Tragedy averted
I’ve been thinking about the tragic story of the woman in Florida who lost her life after entering a pond and being attacked by an alligator.
I’ve been to Florida more times than I can count. I’ve traveled all over the state, visited Gatorland, and even stopped at one of those small alligator farms near Lake Okeechobee where they raise gators for visitors. If you’ve ever been to one, you know exactly what I mean when I say they’re loud… and they have a smell all their own.
But here’s what stands out to me.
For more than twenty years, every single trip to Florida came with the same warnings.

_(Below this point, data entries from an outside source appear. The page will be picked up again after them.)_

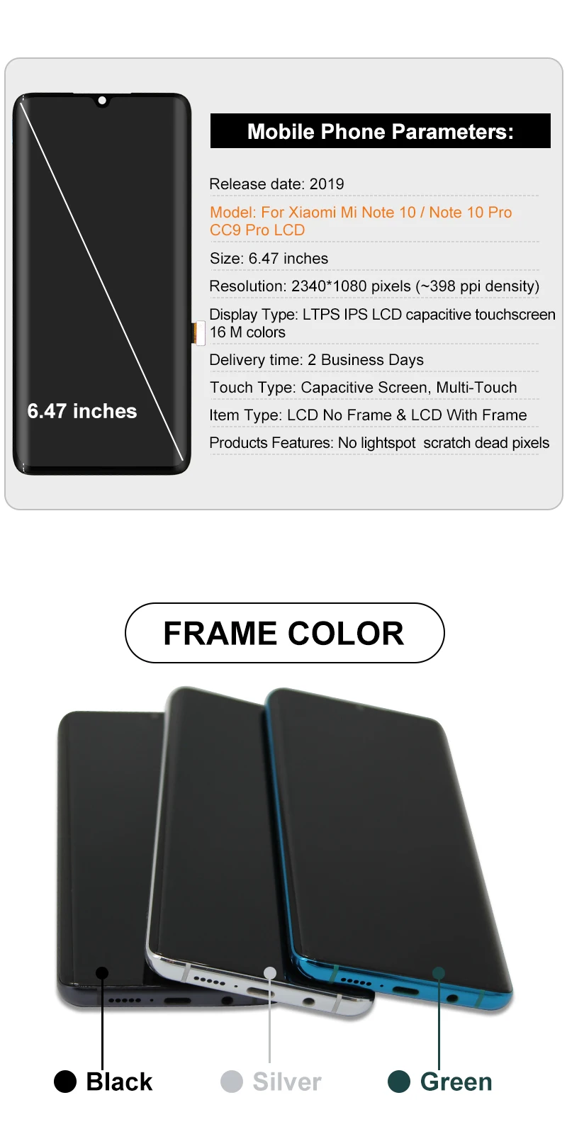 6,47 "Оригинальный ЖК-дисплей для Xiaomi Note 10, сенсорный экран в сборе для Xiaomi CC9 Pro, дисплей MI Note 10 Pro, запасные части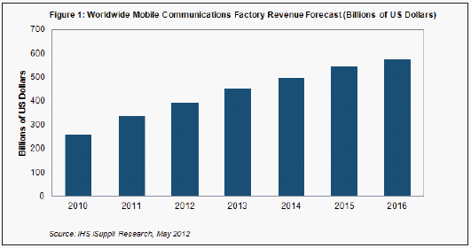 上述預測數據由無線通信產業各領域中的OEM廠商的總體工廠營業收入構成,包括手機、媒體平板和移動基礎設備等主要領域,以及無線路由器、無繩電話、電池充電器和灰市手機等輔助領域。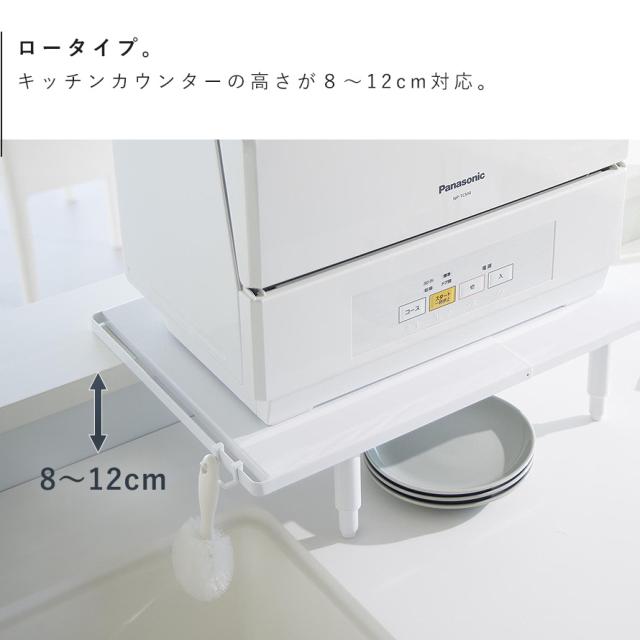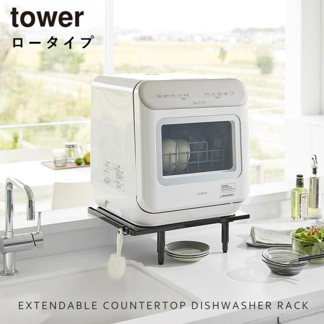 カウンターに乗せられる伸縮食洗機ラック タワー ロータイプ 山崎実業 tower 食洗機 ラック 伸縮 棚 高さ調節 おしゃれ モノトーン ホワイト ブラック 5303 5304 メーカー直送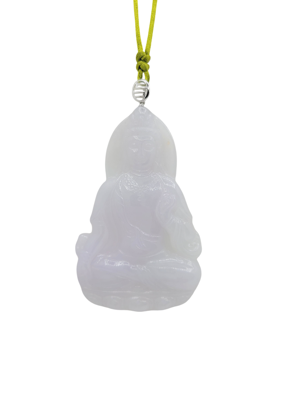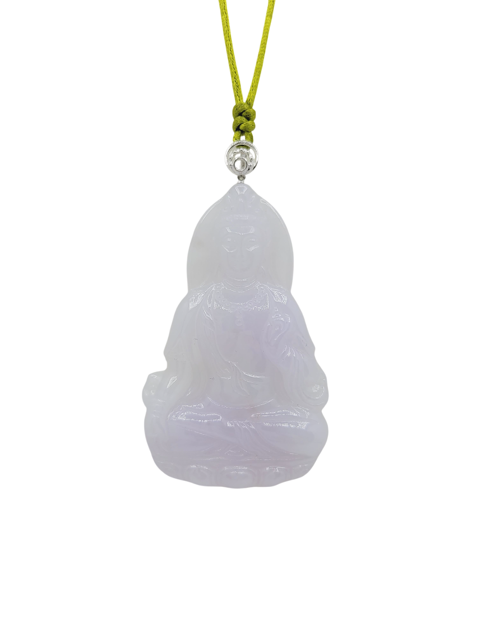 18K White Gold Light Purple Guanyin Jadeite Jade Pendant

“Stay away from the water.”
“Don’t walk your dog near the edge.”
“Never assume there isn’t an alligator.”
The signs are everywhere. The locals repeat it over and over. It almost becomes background noise because you hear it so often.
This woman’s death is heartbreaking, and my heart truly goes out to her family. I don’t write this to blame someone who can no longer tell her side of the story.
I write it because it made me wonder about something we all do.
How often do we become so familiar with a risk that we stop seeing it as a risk?
Whether it’s alligators in Florida, flash floods in Arizona, icy roads in the Midwest, or rip currents at the beach, the people who live there every day sometimes become the most comfortable with the very dangers visitors are warned about.
Maybe that’s just part of being human. We adapt. We normalize. We convince ourselves, “I’ve done this a hundred times.”
Until that one time.
It’s a sobering reminder that nature doesn’t care how long we’ve lived somewhere. It doesn’t know if we’re lifelong residents or first-time tourists. It simply follows its own rules.
And maybe that’s the lesson—not to live in fear, but to never become so comfortable with a known danger that we stop respecting it.
It made me think about all the times I’ve looked back and thought, “Well…that could have gone really badly.”
Fortunately, most of us get those second chances.
So now I’m curious…
What’s something you’ve done that, looking back, makes you wonder what you were thinking? Maybe you ignored a warning sign, took a shortcut, got a little too confident, or simply had one of those “it’ll be fine” moments that somehow actually was.
I’ll start. I’ve done plenty of things over the years that make me shake my head now. Thankfully, they’ve all ended with a story instead of a tragedy.